Platform for African – European Partnership in Agricultural Research for Development

Friday, October 17, 2014

Innovation in family farming

16 October 2014. The State of Food and Agriculture 2014: Innovation in family farming 

Innovation in family farming analyses family farms and
the role of innovation in ensuring global food security, poverty reduction and environmental sustainability.

It argues that family farms must be supported to innovate in ways that promote sustainable intensification of production and improvements in rural livelihoods.

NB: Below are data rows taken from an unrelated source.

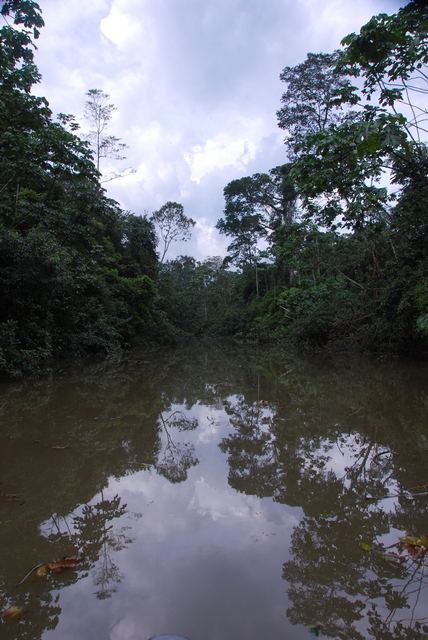 Następnego dnia o świcie ruszamy dalej: my, Otobo i jego dwaj bracia. Od dawna nie padało. Duszno i gorąco, temperatura przekracza 36°C. Łódka jest co prawda wygodna i nowoczesna, ale nie ma gdzie się schować przed palącym równikowym słońcem. Woda jest bardzo niska, a rzeka pokręcona jak kiełbaska. Co chwilę trzeba przepychać łódkę przez zwalone drzewa tarasujące przejazd, przez co płynie się strasznie wolno.
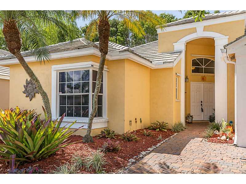 Welcome home to your tropical paradise. This charming home features an open floor plan, vaulted ceilings, a beautiful master suite, updated bathrooms, ceramic floors in main living, bamboo flooring in bedrooms, stainless steel appliances, bay windows and French doors leading you to a backyard oasis. Nestled in sought after community of Bermuda Springs, known for its magnificently maintained community pool and parks and located within a short walking distance to A rated schools and houses of worship.
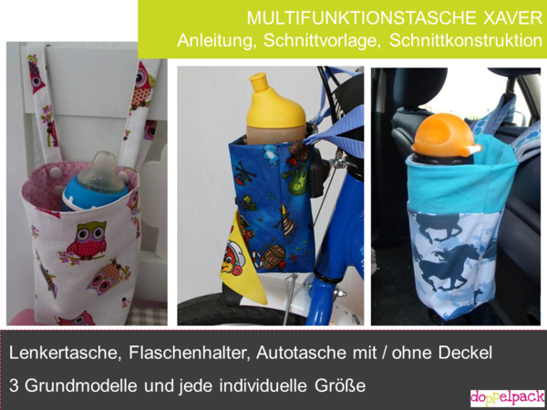 Mit Hilfe dieser Anleitung kannst Du eine Lenkertasche, ein Bettutensilo, einen Flaschenhalter, eine Autotasche mit oder ohne Deckel in verschiedenen Größen nähen. Außerdem ist in der Anleitung unter "Schnittkonstruktion" ausführlich und leicht beschrieben, wie Du eine beliebige Tasche nach Deinen indiviuduellen Maßen nähen kannst.
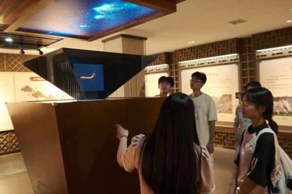 (队员们正在了解与鎏金铜蚕背后汉代蚕桑产业的状况)
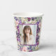 Vasos De Papel Foto morada de cumpleaños con florido rosado de Ru
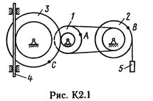 Механизм состоит из ступенчатых колес 1—3, находящихся в зацеплении или связанных ременной передачей, зубчатой рейки 4 и груза 5, привязанного к концу нити, намотанной на одно из колес (рис. К2.0 — К2.9, табл. К2). Радиусы ступеней колес равны соответственно: у колеса 1 – r1 = 2 см, R1 = 4 см, у колеса 2 – r2 = 6 см, R2 = 8 см, у колеса 3 – r3 — 12 см, R3 = 16 см. На ободьях колес расположены точки A, В и С. В столбце «Дано» таблицы указан закон движения или закон изменения скорости ведущего звена механизма, где φ1(t) — закон вращения колеса 1, s2(f) — закон движения рейки 4, ω2(t) — закон изменения угловой скорости колеса 2, v5(t) — закон изменения скорости груза 5 и т. д. (везде φ выражено в радианах, s — в сантиметрах, t — в секундах). Положительное направление для φ и ω против хода часовой стрелки, для s4, s5 и v4, v5 — вниз. Определить в момент времени t1 = 2 с указанные в таблице в столбцах «Найти» скорости (v — линейные, ω — угловые) и ускорения (а — линейные, ε — угловые) соответствующих точек или тел (v5 — скорость груза 5 и т. д.).
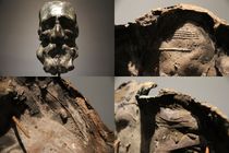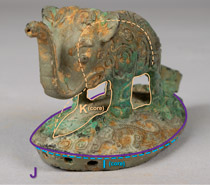 The reusable mold used to form the wax inter-model may leave distinctive traces on the outer surface of the bronze. Gelatin molds, rubber molds, and plaster piece molds may all produce seam lines on the wax. Usually these features are removed during the refinishing of the wax inter-model, but not always fully. These may, however, not be considered singular to these processes (see I.1§1.2 above). See also I.1§1.1 above for the evidence common to all lost-wax processes. Securely identified examples of the indirect wax-slab process are rare. The way in which the metal curves in on the back of a relief could be the result of the bending of existing wax slabs around the core (figs. 81, 82).
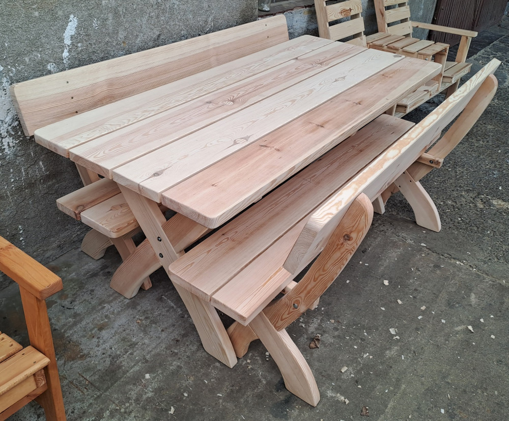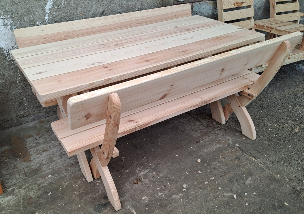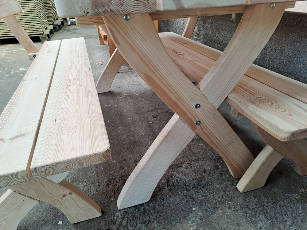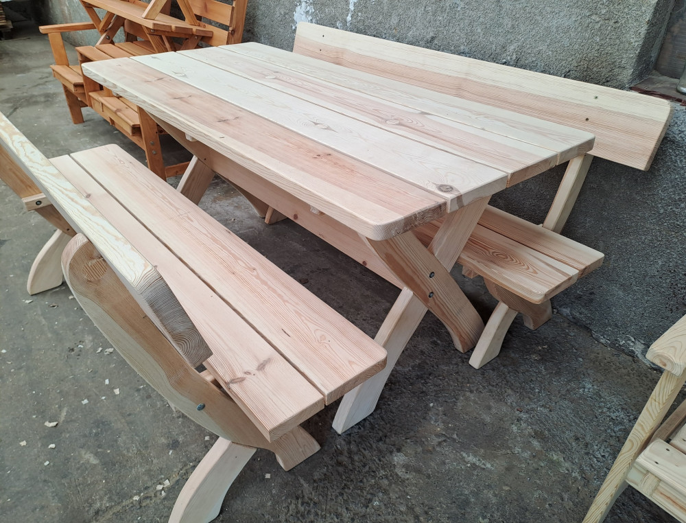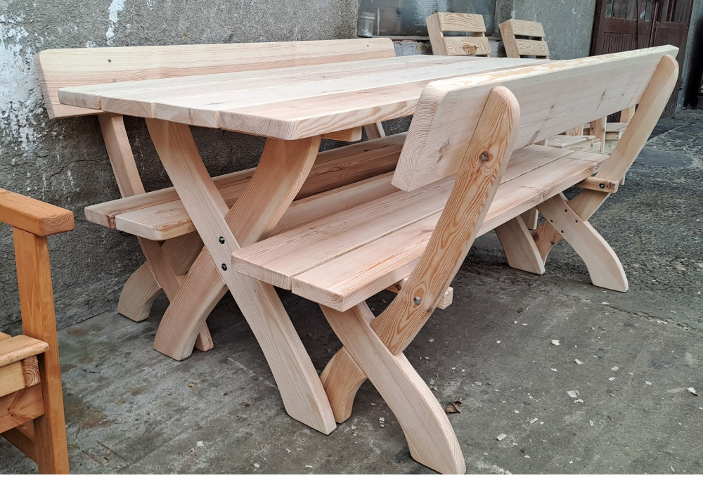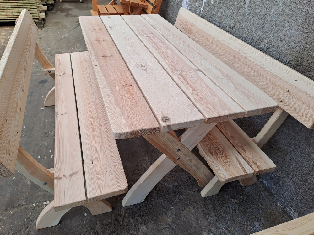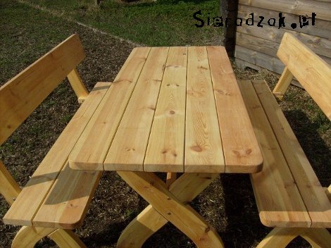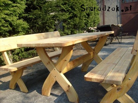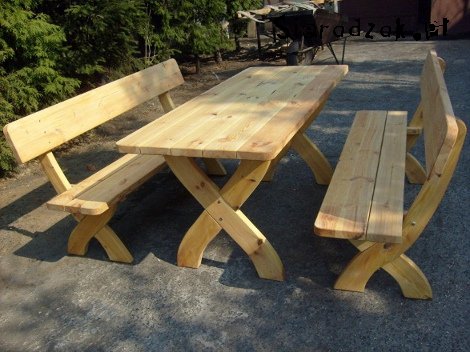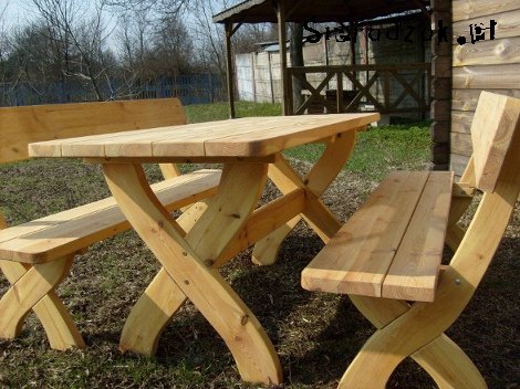 ZESTAW OGRODOWY DREWNIANY- STÓŁ+ 2 ŁAWKI
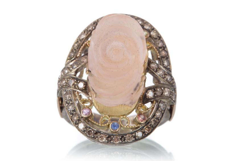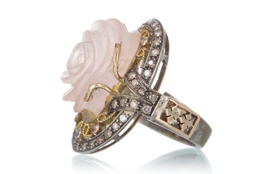 set with a central carved rose quartz in the form of a rose, to a diamond set mount, silver gilt, size U
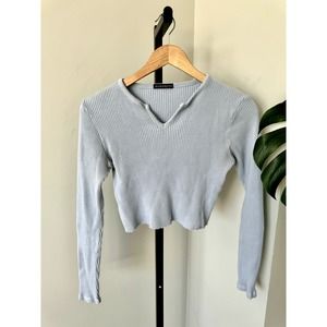 Brandy Melville Ribbed Blue Cropped Sweater
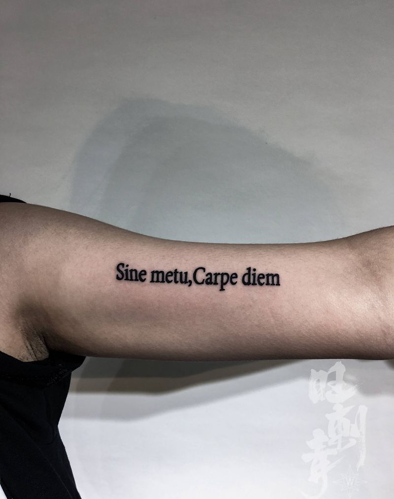 当前位置: 首页 >辽宁省沈阳市纹身店-旺刺青纹身工作室纹身图案>文字纹身图片_手臂花体字图腾纹身图案
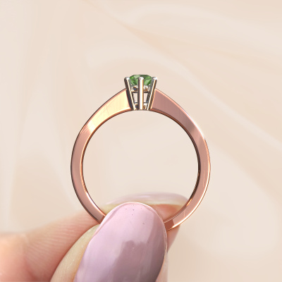 Der oben gezeigte Verlobungsring wird Noortje genannt. Wir nennen das einen Solitär-Ring, denn er hat einen einzelnen Edelstein. Es ist ein 585 Roségold Verlobungsring, mit 4 mm rund Turmalin grün. Dieser klassische Roségold Solitär-Ring mit exquisitem, rund Turmalin grün ist ein schöner Verlobungsring. Die offenen Krappen ermöglichen, dass Licht aus mehr Winkeln auf den Edelstein trifft. Der Ring besticht auch durch die hohe Positionierung des Edelsteins. Denn Turmalin grün symbolisieren wahre Liebe und Reinheit und machen sie damit zum perfekten Geschenk für die Liebe Ihres Lebens. Das Symbol der ewigen Liebe ist das Herzstück dieses Solitär-Rings. Wie ein Turmalin grün haben auch alle anderen Arten von Edelmetallen ihre eigenen, zugeschriebenen symbolischen Bedeutungen. Diese Solitär Verlobungsring können Sie selbst zusammenstellen in verschiedenen Edelmetall Kombinationen. Dieser hat die Kombination 585 Roségold mit Weißgold. Jedes Schmuckstück wird hergestellt von einem Team leidenschaftlicher Goldschmiede und Schmuckdesigner. Das wird Ihr Kronjuwel unbedingt zu einem Blickfang machen.Durch die Kombination modernster Technik mit uralter Handwerkskunst können wir alle Verlobungsringe in unserem eigenen Studio anfertigen. Jedes Schmuckstück wird auf Anfrage gefertigt. Das ist vorteilhaft, weil wir Ihnen dadurch einen Preis anbieten können, den Sie nirgendwo anders finden.Unser Team fügt unserer Online-Kollektion täglich neue Designs hinzu. Unsere Designer und Goldschmiede arbeiten zusammen, um das beste Design zu kreieren. Wir bemühen uns, eine vielfältige Kollektion von Schmuckstücken anzubieten. Vielleicht haben Sie ein bestimmtes Design im Sinn. Eines, dass Sie irgendwo gesehen haben. Gerne geben wir Ihnen eine kostenlose Beratung. Wir machen Ihnen ein Angebot, basierend auf einem fairen Preis/Leistungsverhältnis, das Sie verblüffen wird.Um es einfacher zu machen, bieten wir eine kostenlose 30-tägige Rücksendung.

Innovation is a process through which farmers improve their production and farm management practices.

Key messages

  • Family farms are part of the solution for achieving food security and sustainable rural development; the world’s food security and environmental sustainability depend on the more than 500 million family farms that form the backbone of agriculture in most countries.
  • Family farms are an extremely diverse group, and innovation systems must take this diversity into account.
  • The challenges facing agriculture and the institutional environment for agricultural innovation are far more complex than ever before; the world must create an innovation system that embraces this complexity.
  • Public investment in agricultural R&D and extension and advisory services should be increased and refocused to emphasize sustainable intensification and closing yield and labour productivity gaps.
  • All family farmers need an enabling environment for innovation, including good governance, stable macroeconomic conditions, transparent legal and regulatory regimes, secure property rights, risk management tools and market infrastructure.
  • Capacity to innovate in family farming must be promoted at multiple levels. Individual innovation capacity must be developed through investment in education and training.
  • Effective and inclusive producers’ organizations can support innovation by their members.


Related:
A member of the Prolinnova International Secretariat at ETC Foundation, Ann Waters-Bayer, took part in the CGIAR Development Dialogues on 25 September 2014 in New York City.
  • Ann spoke in the session on “Resilient systems and communities towards sustainable development: Fostering the capacity to innovate“. 
  • This session explored strategies and actions needed to foster the capacity to innovate in smallholder farming systems and key challenges to building inclusive innovation in these systems. 
  • Fostering capacity to innovate at all levels is critical to strengthening the resilience of these systems in the face of change, so that progress can be continued in improving agricultural livelihoods, promoting sustainable agriculture, restoring terrestrial ecosystems and engaging in effective partnerships to this end. 
  • Place-based agro-ecosystem research involving researchers, development workers, farmer groups, civil society, the private sector and policymakers can increase the impact of development policies and investments on the livelihoods of smallholder farmers, and the resilience of natural resource systems on which they depend.
The session was organised and opened by Kwesi Atta-Krah, Director of the CGIAR Research Program on Integrated Systems for the Humid Tropics, and moderated by Stephanie Strom, journalist with the New York Times. Other panel speakers on fostering the capacity to innovate were: H.E. Ruth Nankabirwa, Minister of State for Agriculture, Uganda; Sara Scherr, President, EcoAgriculture Partners; Stephen Muchiri, CEO, Eastern Africa Farmers Federation; and Blake Ratner, Research Director, WorldFish.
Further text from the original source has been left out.